Summary of COVID-19 confirmed through PCR or antigen testing of respiratory specimens of individuals tested in four serosurveys conducted from July 2020 to November 2021, presented as n (%)
| Survey round | Number of tested respiratory swabs tested (PCR + antigen) | COVID-19 positive specimens | PCR tests, n | PCR positive specimens | Numberof COVID-19 antigen tests | Antigen positive specimens |
|---|---|---|---|---|---|---|
| Round 1 |
606 |
10 (1.7) |
606 |
10 (1.7) |
|
|
| Round 2 |
1460 |
50 (3.4) |
742 |
26 (3.5) |
718 |
24 (3.3) |
| Round 3 |
631 |
1 (0.2) |
316 |
0 (0.0) |
315 |
1 (0.3) |
| Round 4 |
765 |
2 (0.3) |
383 |
1 (0.3) |
382 |
1 (0.3) |
| Total | 3462 | 63 (1.8) | 2047 | 37 (1.8) | 1415 | 26 (1.8) |
PCR – polymerase chain reaction
We conducted a sensitivity analysis for seropositivity investigated through a subgroup analysis examining the relationship between COVID-19 positivity with survey rounds, using all data categories. Through multivariable analysis, we observed that COVID-19 positivity increased with survey rounds, was higher in urban areas, was higher in those aged ≥10 years, and was reduced in poorer quintiles (Table S4 in the Online Supplementary Document). These were all common to the trends observed in the overall study cohort. Additionally, COVID-19 positivity was associated with shortness of breath and contact with a confirmed case, while it was not associated with vitamin D deficiency.
DISCUSSION
Based on four repeated cross-sectional surveys between July 2020 and November 2021, SARS-CoV-2 seroprevalence in two areas of Sindh showed a steady increase in the prevalence of individuals with COVID-19 antibodies over the first year of the pandemic. Specifically, we observed a constant rise in seropositivity over time in all the study districts, increasing from 23% in July 2020 to 79% by November 2021. Importantly, there was no significant increase in either reported clinical signs and symptoms or COVID-19 cases. We observed differences in seropositivity between rural areas (from 19% to 77%) and urban areas (from 26% to 82%) across the 16-month study period. We found no difference in seropositivity associated with gender, although younger age (<5 years) was associated with lower COVID-19 seropositivity. Increased household sizes and a higher wealth index were associated with higher seroprevalence rates, as was having deficient serum vitamin D levels. Notably, only 1.8% of respiratory samples tested from a subset of participants tested by RT-PCR or COVID-19 antigen testing showed the presence of SARS-CoV-2, indicating asymptomatic or sub-clinical infection in these individuals.
Of the four COVID-19 waves in Pakistan during the study period, the first occurred in May 2020, shortly before the survey began in July 2020. Three subsequent peaks followed this in December 2020, April 2021, and August 2021 [9,24]. The results of COVID-19 seroprevalence we observed during the first survey were broadly consistent with other studies conducted around the same period.
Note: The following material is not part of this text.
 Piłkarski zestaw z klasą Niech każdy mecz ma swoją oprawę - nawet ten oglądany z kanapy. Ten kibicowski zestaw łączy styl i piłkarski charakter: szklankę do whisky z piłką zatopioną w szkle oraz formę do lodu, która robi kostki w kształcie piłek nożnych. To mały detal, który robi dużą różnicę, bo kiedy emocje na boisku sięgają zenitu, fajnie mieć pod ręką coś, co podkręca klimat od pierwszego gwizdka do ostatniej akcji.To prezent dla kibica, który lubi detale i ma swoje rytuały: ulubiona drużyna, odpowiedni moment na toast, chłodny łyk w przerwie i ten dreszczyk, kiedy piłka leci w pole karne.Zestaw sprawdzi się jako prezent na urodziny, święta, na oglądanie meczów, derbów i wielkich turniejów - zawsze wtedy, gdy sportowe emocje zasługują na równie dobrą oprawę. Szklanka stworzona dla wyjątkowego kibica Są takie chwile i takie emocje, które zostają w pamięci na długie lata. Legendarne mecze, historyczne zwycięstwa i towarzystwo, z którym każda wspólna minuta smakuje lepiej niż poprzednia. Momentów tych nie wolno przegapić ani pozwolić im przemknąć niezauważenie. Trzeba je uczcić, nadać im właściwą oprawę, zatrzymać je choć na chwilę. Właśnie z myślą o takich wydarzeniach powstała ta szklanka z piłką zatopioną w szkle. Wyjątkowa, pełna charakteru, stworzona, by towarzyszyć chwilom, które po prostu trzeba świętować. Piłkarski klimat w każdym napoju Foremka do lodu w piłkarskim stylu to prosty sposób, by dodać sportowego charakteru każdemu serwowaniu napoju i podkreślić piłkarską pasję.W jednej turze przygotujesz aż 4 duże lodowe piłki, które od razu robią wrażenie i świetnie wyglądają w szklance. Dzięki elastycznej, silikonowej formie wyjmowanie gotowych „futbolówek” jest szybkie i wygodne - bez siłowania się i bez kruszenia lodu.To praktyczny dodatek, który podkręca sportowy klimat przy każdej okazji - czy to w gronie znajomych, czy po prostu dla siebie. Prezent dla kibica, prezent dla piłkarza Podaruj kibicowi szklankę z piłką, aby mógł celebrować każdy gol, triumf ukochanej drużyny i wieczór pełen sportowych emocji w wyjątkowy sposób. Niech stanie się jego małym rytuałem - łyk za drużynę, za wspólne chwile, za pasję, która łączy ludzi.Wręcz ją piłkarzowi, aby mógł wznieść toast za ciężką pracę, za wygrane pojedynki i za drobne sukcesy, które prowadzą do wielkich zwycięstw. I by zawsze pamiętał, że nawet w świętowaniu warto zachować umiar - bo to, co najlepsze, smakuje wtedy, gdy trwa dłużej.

A large seroprevalence study conducted in July 2020 in metropolitan cities of Pakistan reported 17.5% seropositivity [15], while another study conducted by the National Institute of Blood Diseases (NIBD) in Karachi in July 2020 reported an antibody prevalence of 34% in the community [21]. A study conducted in Lahore reported a seroprevalence of 15.6% among policemen in May 2020 [25]. By December 2020, seropositivity in a healthy blood donor population in Karachi was found to be 53% [26].
We noted an increase in refusals for participation, from 0.4% in round 1 to 22.7% in round 4, possibly due to the timing of the surveys. It is likely that there was fear regarding COVID-19 early in the pandemic and, consequently, more interest in participating in a relevant research study. However, this interest waned as fear of SARS-CoV-2 infection abated in the community.
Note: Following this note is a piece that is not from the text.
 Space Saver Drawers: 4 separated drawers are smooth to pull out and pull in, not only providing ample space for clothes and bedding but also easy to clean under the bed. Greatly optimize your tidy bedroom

The relatively minor increase in seroprevalence seen between the survey rounds 1 and 2 (between July and November 2020) might be explained by the countrywide ‘smart’ lockdown measures and infection mitigation measures implemented by the government from 26 November 2020 [27]. From February 2021 onwards, seroprevalence increased, as seen between the rounds 3 and 4 until November, and the increases of seroprevalence from 56.8% to 81.5% in urban and from 39.2% to 76.8% seroprevalence in rural settings, respectively. This may be attributable to the easing of lockdown measures in August 2021, with people coming back to work, poor compliance with preventive measures, and the reopening of educational institutions [28].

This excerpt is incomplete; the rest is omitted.